Further, saving a portion of Taylor, even with a massive commitment of new resources, would likely still leave an extreme concentration of very poor residents separated from the larger middle-class black and white areas of the city. Such a policy prescription runs counter to the general direction of most proposed ghetto solutions. William Julius Wilson (Venkatesh's mentor) explained that residents in Chicago's ghetto were "truly disadvantaged" precisely because of their social and physical isolation from the wider world. Douglas Massey and Nancy Denton made the powerful argument that separation by race is at the root of the "underclass" problem. And Leonard Rubinowitz and James Rosenbaum find general success in Chicago's "Gautreaux" program, which moved seven thousand Chicago public housing families to the suburbs.  Venkatesh would have us put more resources into Taylor as opposed to dispersing residents to areas with resources. The dispersal approach might sever community ties for residents, but propping up Taylor would be far more expensive and less effective than moving the poor into relatively stable economic communities.  Either solution would face an uphill battle in today's political climate.
Despite its historical limitations, American Project should reinvigorate ethnographic studies of poor communities. "Hanging out" has many advantages, and Venkatesh should be commended for telling the tenants' side of the story - something far too neglected in the public housing literature. It took not only physical courage, but also emotional detachment to write objectively about the struggles of residents against significant odds. But whether this effort means that a disastrous situation like Taylor - with its hyper-concentration of poverty, dysfunctional high-rise buildings, and inadequate management - should be saved is another issue altogether. Current public housing policy is the antithesis of the Taylor model, stressing vernacular architecture, economic and racial integration, and privatized management. Saving Taylor is not the solution - rebuilding an improved and truly integrated community is.
. See Chicago Tribune Magazine, December 10, 2000 and Chronicle of Higher Education, September 10, 1999.
. See CHA, Annual Statistical Reports, 1964-1973, available at the Harold Washington Library Center, Municipal Reference Collection.
. The Budget of the United States Government, FY 2000, Historical Tables, Table 4.1.
. See The Budget of the United States Government, FY 1982, p. I-L2 and FY 1992, part 4, p. 686 for outlays (actual spending) in the public housing program.
. CHA budget data from CHA, Annual Reports, 1980, 1983-84; CHA, "Preliminary Report on the Authority's Financial Position," April 1987, and CHA, "Progress Report, 1995-1998," 1998, all in the Chicago Public Library.
. Three Taylor buildings have been rehabilitated as "relocation" housing to accommodate some families forced to move from those to be torn down. The future of these three buildings is unclear.

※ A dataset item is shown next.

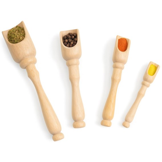 Zestaw drewnianych szufelek kuchennych do przypraw - 4 sztuki

. William Julius Wilson, The Truly Disadvantaged: The Inner City, the Underclass, and Public Policy (Chicago: University of Chicago Press, 1987); Douglas S. Massey & Nancy A. Denton, American Apartheid: Segregation and the Making of the Underclass (Cambridge: Harvard University Press, 1993); Leonard S. Rubinowitz and James E. Rosenbaum, Crossing the Class and Color Lines: From Public Housing to White Suburbia (Chicago: University of Chicago Press, 2000).
. Unfortunately, Taylor tenants receiving housing vouchers have not been given the kind of support program afforded participants in the Gautreaux program, who were offered counseling and resources to facilitate their move into suburban communities.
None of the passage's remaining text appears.